== RECORDS TO USE
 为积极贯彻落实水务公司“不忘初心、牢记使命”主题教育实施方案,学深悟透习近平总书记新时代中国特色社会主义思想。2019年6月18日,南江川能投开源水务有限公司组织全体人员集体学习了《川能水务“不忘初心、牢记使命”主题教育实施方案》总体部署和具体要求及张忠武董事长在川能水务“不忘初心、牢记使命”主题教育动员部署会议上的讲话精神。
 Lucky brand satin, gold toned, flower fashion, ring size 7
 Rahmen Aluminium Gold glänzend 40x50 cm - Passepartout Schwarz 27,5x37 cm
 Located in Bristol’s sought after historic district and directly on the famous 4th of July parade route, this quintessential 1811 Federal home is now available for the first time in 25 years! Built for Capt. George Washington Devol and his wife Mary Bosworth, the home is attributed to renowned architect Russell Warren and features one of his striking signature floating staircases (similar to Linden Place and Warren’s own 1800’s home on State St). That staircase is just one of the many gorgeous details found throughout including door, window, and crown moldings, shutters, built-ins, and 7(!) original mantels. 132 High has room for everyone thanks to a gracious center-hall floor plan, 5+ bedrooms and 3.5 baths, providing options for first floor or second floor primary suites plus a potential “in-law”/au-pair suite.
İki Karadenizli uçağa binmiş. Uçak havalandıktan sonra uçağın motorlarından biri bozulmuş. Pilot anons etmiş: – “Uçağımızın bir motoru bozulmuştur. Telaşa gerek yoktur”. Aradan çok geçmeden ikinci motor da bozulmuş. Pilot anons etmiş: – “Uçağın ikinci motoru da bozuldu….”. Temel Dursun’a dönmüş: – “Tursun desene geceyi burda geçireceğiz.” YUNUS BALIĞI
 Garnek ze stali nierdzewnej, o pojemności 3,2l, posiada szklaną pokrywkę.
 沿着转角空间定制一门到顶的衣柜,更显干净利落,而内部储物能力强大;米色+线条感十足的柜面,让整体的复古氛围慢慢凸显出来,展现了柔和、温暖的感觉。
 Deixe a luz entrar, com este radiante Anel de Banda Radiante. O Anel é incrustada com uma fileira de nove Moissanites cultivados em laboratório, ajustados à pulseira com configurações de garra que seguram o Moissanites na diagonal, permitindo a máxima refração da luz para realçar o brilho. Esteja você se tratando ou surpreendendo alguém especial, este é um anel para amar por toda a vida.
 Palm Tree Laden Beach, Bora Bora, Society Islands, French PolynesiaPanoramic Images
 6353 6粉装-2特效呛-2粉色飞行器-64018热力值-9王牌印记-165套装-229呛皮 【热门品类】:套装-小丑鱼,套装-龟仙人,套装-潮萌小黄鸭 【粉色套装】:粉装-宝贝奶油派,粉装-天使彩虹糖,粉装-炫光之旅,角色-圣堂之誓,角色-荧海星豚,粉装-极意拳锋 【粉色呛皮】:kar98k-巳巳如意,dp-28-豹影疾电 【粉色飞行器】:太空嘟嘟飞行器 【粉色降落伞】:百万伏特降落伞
====
WORK TO BE COMPLETED -
Restate the listing word for word, but only from its first line through the line with "Rahmen Aluminium Gold", keeping both end lines.

WRITTEN ANSWER -
 为积极贯彻落实水务公司“不忘初心、牢记使命”主题教育实施方案,学深悟透习近平总书记新时代中国特色社会主义思想。2019年6月18日,南江川能投开源水务有限公司组织全体人员集体学习了《川能水务“不忘初心、牢记使命”主题教育实施方案》总体部署和具体要求及张忠武董事长在川能水务“不忘初心、牢记使命”主题教育动员部署会议上的讲话精神。
 Lucky brand satin, gold toned, flower fashion, ring size 7
 Rahmen Aluminium Gold glänzend 40x50 cm - Passepartout Schwarz 27,5x37 cm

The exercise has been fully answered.